Extracted information:
=== Section Start ===
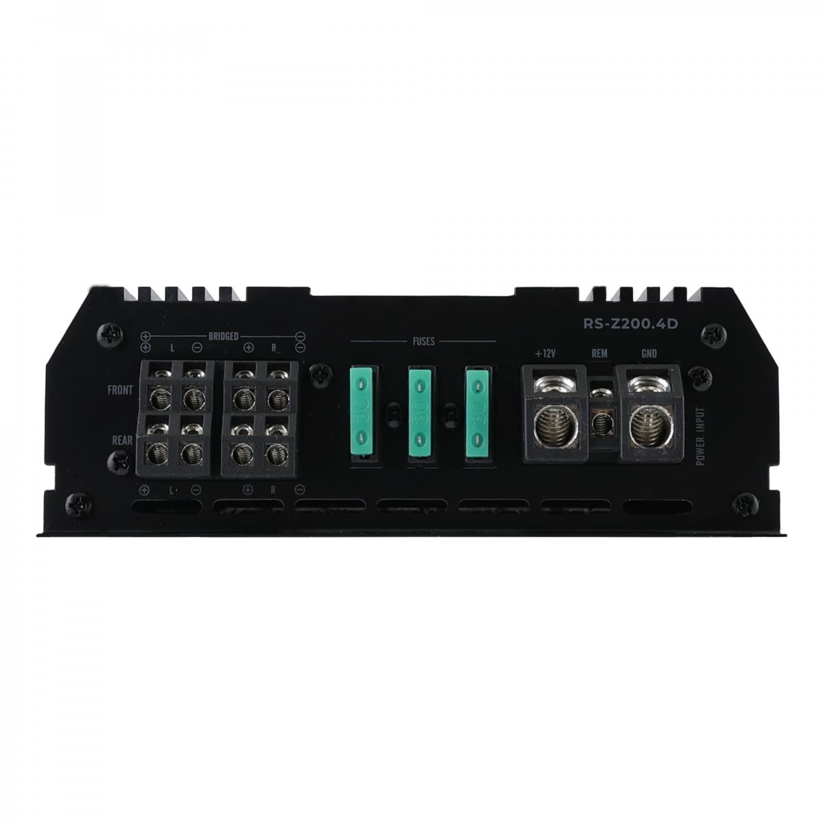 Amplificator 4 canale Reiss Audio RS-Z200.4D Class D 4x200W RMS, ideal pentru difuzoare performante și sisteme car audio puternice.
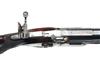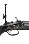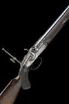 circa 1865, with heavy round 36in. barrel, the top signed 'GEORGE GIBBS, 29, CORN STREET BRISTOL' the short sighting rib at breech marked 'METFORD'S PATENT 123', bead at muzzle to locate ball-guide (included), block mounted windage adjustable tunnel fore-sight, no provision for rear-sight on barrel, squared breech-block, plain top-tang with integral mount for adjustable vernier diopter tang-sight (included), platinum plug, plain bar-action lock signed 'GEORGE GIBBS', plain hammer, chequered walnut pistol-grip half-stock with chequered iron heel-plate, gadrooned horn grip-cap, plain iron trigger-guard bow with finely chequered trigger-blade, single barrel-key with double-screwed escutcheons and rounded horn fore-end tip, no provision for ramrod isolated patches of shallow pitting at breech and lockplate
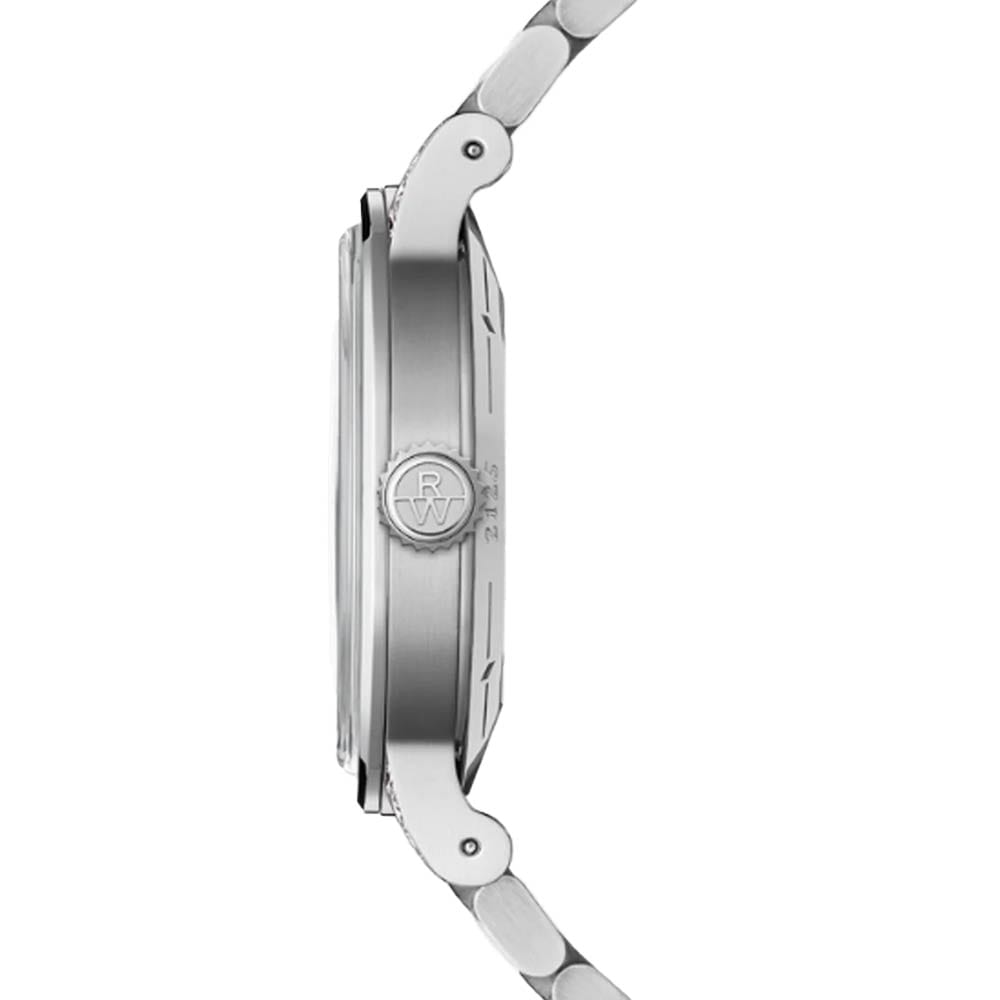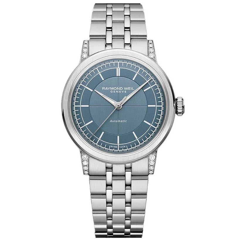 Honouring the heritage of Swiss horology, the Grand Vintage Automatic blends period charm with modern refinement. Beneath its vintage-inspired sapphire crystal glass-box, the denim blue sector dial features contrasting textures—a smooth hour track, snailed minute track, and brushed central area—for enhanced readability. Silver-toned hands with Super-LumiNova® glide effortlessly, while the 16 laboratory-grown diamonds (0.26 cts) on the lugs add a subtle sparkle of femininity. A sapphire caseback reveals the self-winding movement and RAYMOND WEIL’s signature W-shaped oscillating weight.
=== Section End ===
=== Section Start ===
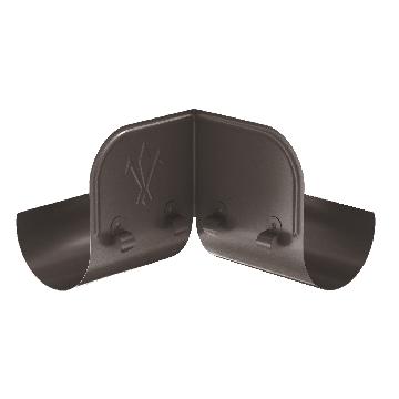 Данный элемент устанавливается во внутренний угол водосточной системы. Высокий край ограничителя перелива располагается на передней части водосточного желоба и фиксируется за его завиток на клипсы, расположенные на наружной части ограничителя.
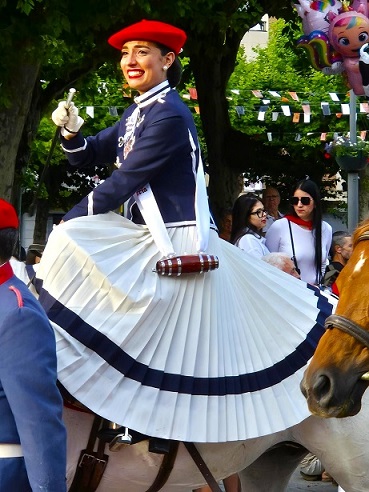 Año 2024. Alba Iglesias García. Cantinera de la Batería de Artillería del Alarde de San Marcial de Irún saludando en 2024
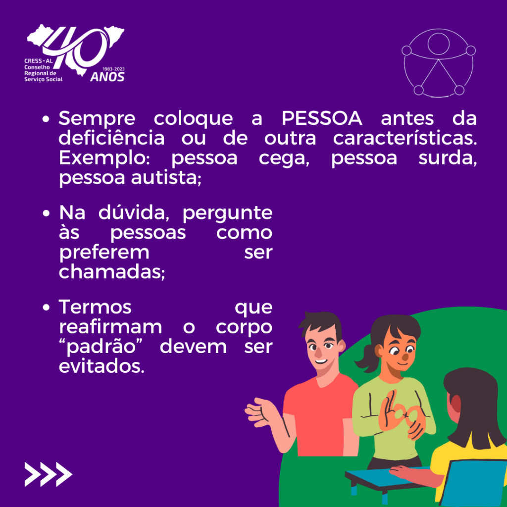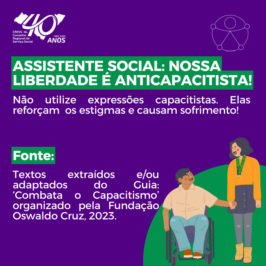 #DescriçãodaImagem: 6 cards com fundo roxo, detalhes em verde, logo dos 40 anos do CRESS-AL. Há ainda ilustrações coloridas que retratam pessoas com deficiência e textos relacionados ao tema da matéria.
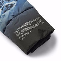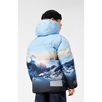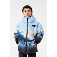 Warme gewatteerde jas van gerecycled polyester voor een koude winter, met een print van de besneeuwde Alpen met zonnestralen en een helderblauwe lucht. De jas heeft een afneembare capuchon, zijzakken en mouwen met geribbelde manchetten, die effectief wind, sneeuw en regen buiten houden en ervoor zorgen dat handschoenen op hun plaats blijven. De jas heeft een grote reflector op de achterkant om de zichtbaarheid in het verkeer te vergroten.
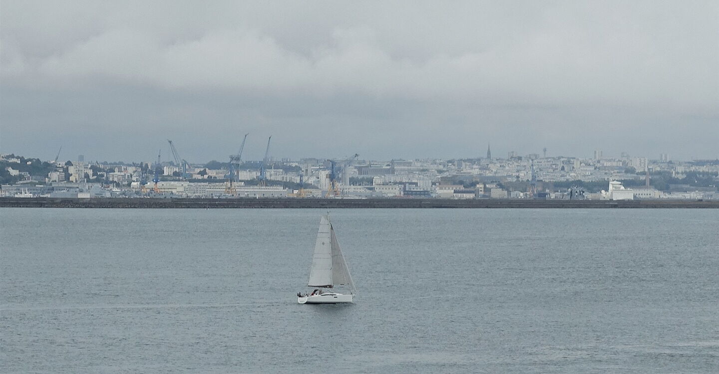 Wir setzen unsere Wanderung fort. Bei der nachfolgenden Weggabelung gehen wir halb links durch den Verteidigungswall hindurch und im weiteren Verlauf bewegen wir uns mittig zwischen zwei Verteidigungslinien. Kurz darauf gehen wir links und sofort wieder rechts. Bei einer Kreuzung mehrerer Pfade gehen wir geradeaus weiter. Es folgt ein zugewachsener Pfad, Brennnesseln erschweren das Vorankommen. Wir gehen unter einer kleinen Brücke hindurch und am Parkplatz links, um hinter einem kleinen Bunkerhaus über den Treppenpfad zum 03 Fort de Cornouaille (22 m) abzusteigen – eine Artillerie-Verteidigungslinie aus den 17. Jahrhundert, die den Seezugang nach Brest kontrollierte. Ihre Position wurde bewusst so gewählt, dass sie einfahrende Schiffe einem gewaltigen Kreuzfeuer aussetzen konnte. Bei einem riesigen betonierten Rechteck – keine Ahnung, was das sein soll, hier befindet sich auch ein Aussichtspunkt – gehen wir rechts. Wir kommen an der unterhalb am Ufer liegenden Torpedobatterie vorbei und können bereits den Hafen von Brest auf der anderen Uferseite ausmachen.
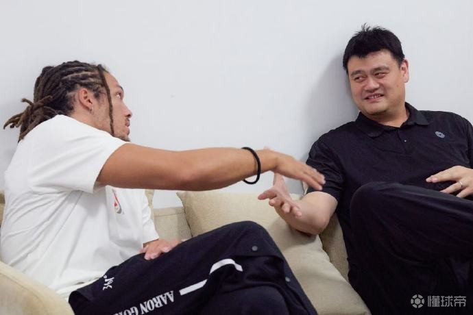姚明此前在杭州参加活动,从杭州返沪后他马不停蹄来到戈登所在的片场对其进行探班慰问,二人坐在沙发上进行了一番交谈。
=== Section End ===
=== Section Start ===
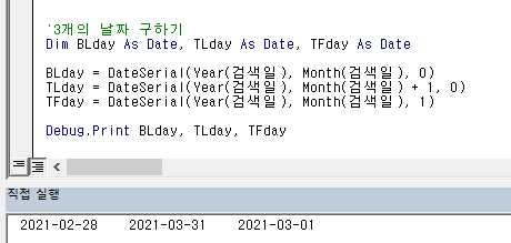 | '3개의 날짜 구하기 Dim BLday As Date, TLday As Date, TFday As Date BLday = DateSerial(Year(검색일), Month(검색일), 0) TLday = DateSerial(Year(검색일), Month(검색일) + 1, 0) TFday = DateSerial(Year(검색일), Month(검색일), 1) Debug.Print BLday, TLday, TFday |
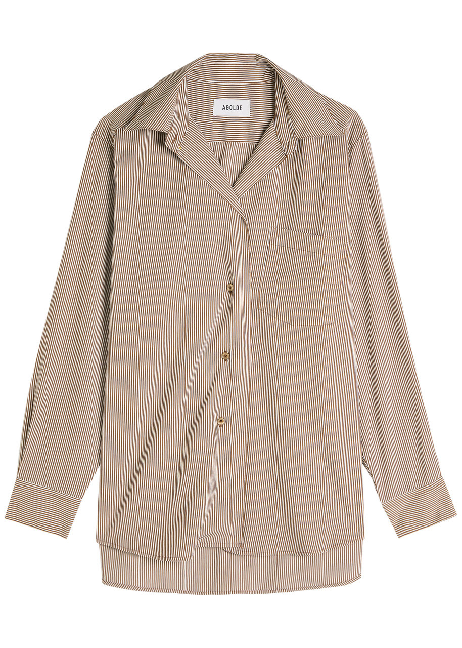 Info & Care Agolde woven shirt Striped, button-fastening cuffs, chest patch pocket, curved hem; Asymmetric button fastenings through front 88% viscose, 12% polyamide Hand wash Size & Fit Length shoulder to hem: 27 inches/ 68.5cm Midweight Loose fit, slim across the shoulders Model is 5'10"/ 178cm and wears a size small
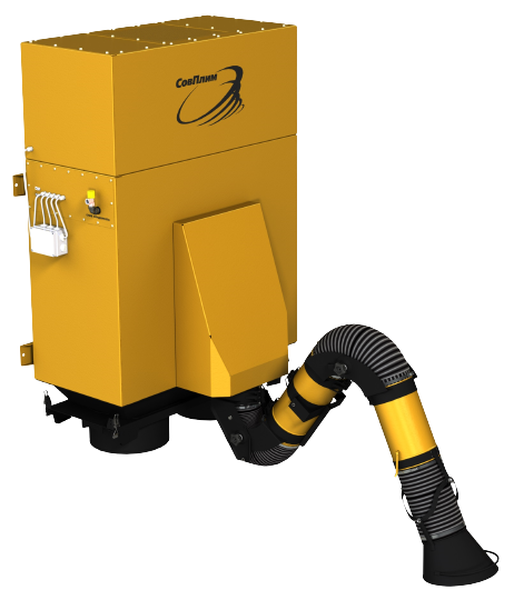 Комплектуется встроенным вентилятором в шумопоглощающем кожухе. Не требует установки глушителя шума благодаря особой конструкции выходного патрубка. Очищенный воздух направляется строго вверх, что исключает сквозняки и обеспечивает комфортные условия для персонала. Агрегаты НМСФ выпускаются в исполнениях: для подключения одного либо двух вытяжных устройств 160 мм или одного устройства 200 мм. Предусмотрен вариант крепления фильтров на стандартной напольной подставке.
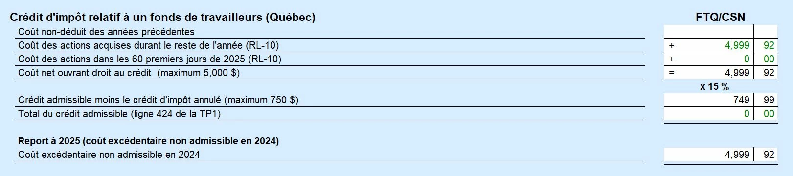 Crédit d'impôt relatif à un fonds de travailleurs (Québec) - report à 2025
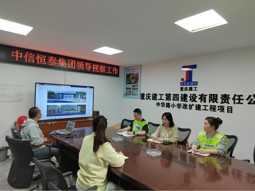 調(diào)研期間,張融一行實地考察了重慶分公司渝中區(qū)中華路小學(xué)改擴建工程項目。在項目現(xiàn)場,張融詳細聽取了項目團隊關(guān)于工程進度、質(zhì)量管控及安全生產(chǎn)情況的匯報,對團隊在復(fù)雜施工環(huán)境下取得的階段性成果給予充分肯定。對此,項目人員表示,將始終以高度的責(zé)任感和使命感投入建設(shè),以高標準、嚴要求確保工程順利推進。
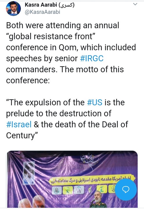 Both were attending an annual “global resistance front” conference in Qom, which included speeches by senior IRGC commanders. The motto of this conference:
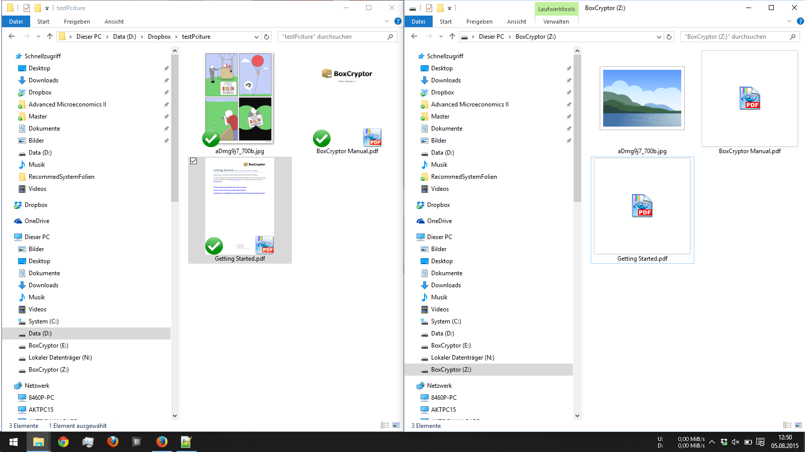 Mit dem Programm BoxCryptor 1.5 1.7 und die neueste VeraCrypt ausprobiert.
=== Section End ===
Required action:
Each line above that falls between the line with "Amplificator 4 canale" and the line with "Honouring the heritage" should be printed exactly, together with those two lines, but the pictures should not.

Expected answer:
 Amplificator 4 canale Reiss Audio RS-Z200.4D Class D 4x200W RMS, ideal pentru difuzoare performante și sisteme car audio puternice.
 circa 1865, with heavy round 36in. barrel, the top signed 'GEORGE GIBBS, 29, CORN STREET BRISTOL' the short sighting rib at breech marked 'METFORD'S PATENT 123', bead at muzzle to locate ball-guide (included), block mounted windage adjustable tunnel fore-sight, no provision for rear-sight on barrel, squared breech-block, plain top-tang with integral mount for adjustable vernier diopter tang-sight (included), platinum plug, plain bar-action lock signed 'GEORGE GIBBS', plain hammer, chequered walnut pistol-grip half-stock with chequered iron heel-plate, gadrooned horn grip-cap, plain iron trigger-guard bow with finely chequered trigger-blade, single barrel-key with double-screwed escutcheons and rounded horn fore-end tip, no provision for ramrod isolated patches of shallow pitting at breech and lockplate
 Honouring the heritage of Swiss horology, the Grand Vintage Automatic blends period charm with modern refinement. Beneath its vintage-inspired sapphire crystal glass-box, the denim blue sector dial features contrasting textures—a smooth hour track, snailed minute track, and brushed central area—for enhanced readability. Silver-toned hands with Super-LumiNova® glide effortlessly, while the 16 laboratory-grown diamonds (0.26 cts) on the lugs add a subtle sparkle of femininity. A sapphire caseback reveals the self-winding movement and RAYMOND WEIL’s signature W-shaped oscillating weight.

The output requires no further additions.